Basically, I am trying to prove an equality involving skewness of summation of random indepdent variables. However, I am stuck with the part after expressing sum of cube to $E[X^3] - 3E[X^2]\mu +2\mu^3$. I tried to solve using similar techniques for solving variances but now I am lost. And I could not find any helpful clue or proof.
Given setting is as the following:
When $X = x_1 + x_2 + ... + x_n$, how to compute $E[X^3]$?

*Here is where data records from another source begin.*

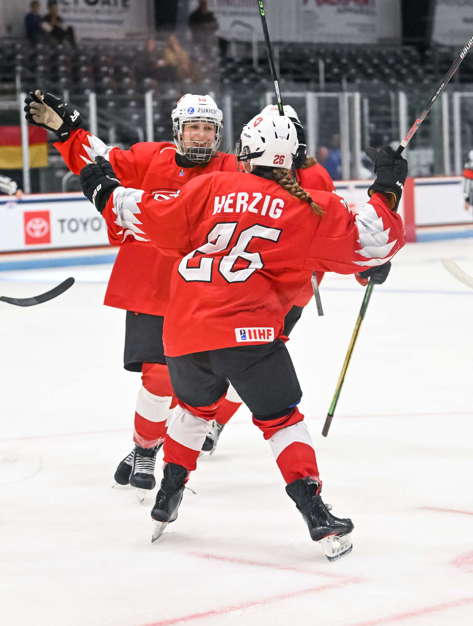 Alessia Baechler and Alina Marti picked up assists on the play.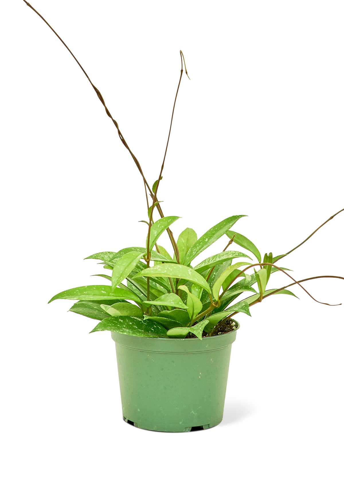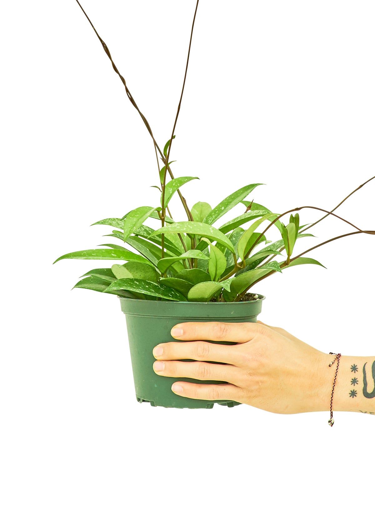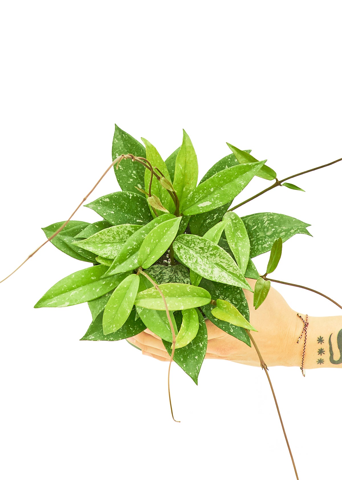 This fast-growing hoya has unique green and waxy leaves with splashes of silver variegation. With a lot of sunlight, the leaves may gain a pinkish hue. With proper care and patience, this hoya can bloom fragrant, star-shaped flower clusters.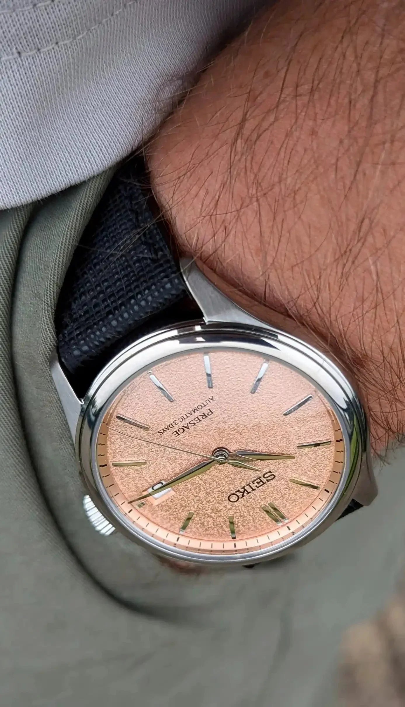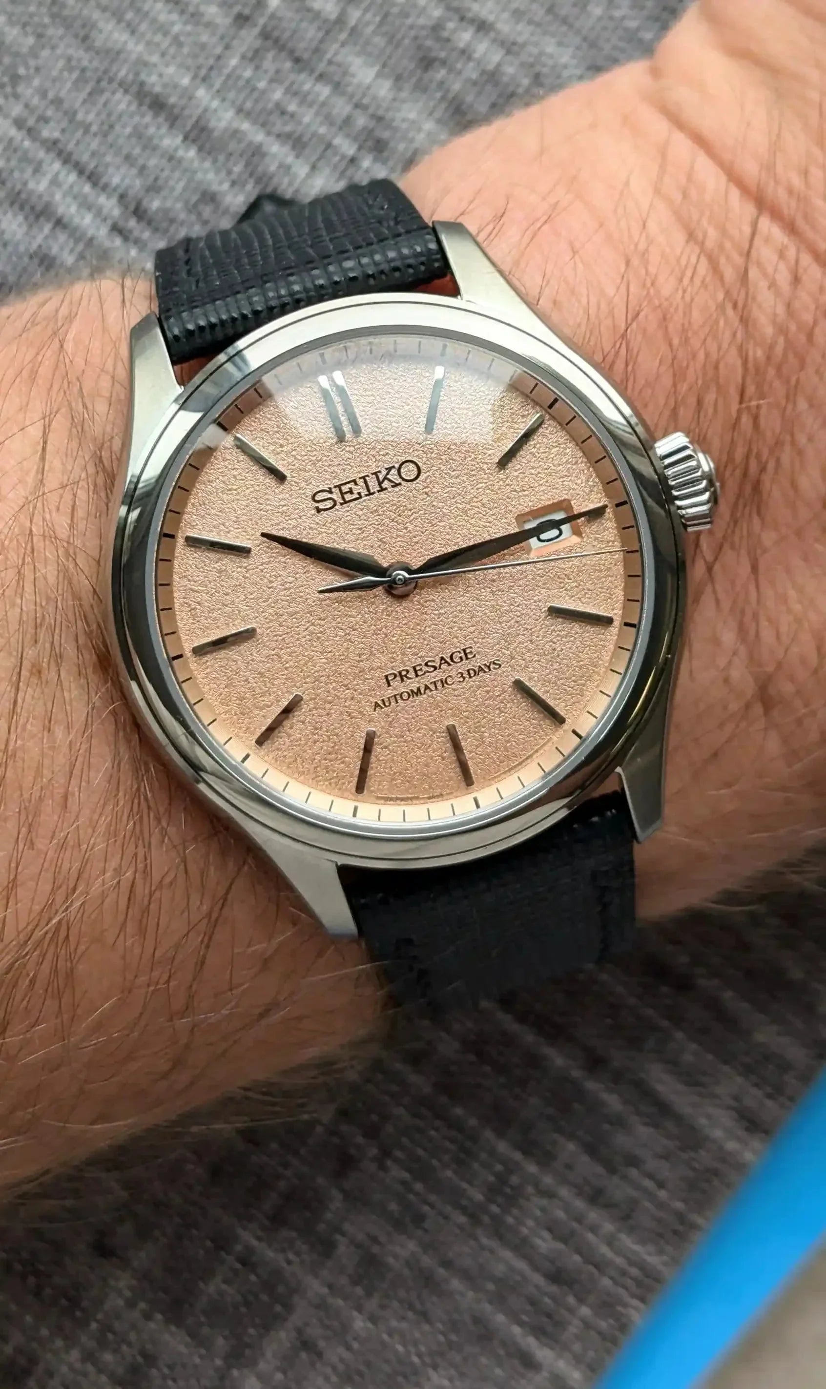 Saffiano has medium pliability and comfortable straight away, the moment you fit it to your watch. A pliable leather that wears beautifully on the wrist an exudes a casual elegance. The surface is scratch resistant and has a uniform grain with good water resistance

Also, how to express $E[X^3]$ using triple summations with $i, j, k = 1, 2, ... , n$ when $i, j, \& k$ may (or may not - possibly in both cases) equivalent?
Many thanks in advance.
$$\begin{align}\mathsf E(X^3) ~=~& \mathsf E({\sum}_{i,j,k} X_iX_jX_k) \\[1ex]~=~& {\sum}_i\mathsf E(X_i^3)+3{\sum}_{(i,j,k): i=j , j\neq k}\mathsf E(X_i^2X_k)+{\sum}_{(i,j,k):i\neq j,j\neq k,k\neq i}\mathsf E(X_iX_jX_k)\\[1ex]~=~& n\,\mathsf E(X_i^3)+3\,n\,(n-1)\,\mathsf E(X_i^2X_k)+n\,(n-1)\,(n-2)\,\mathsf E(X_iX_jX_k)\end{align}$$
Assuming these are independent and identically distributed random variables.
$$\begin{align}\mathsf E(X^3) ~=~& n\,\mathsf E(X_i^3)+3\,n\,(n-1)\,\mathsf E(X_i^2)\,\mathsf E(X_i)+n\,(n-1)\,(n-2)\,\mathsf E(X_i)^3\end{align}$$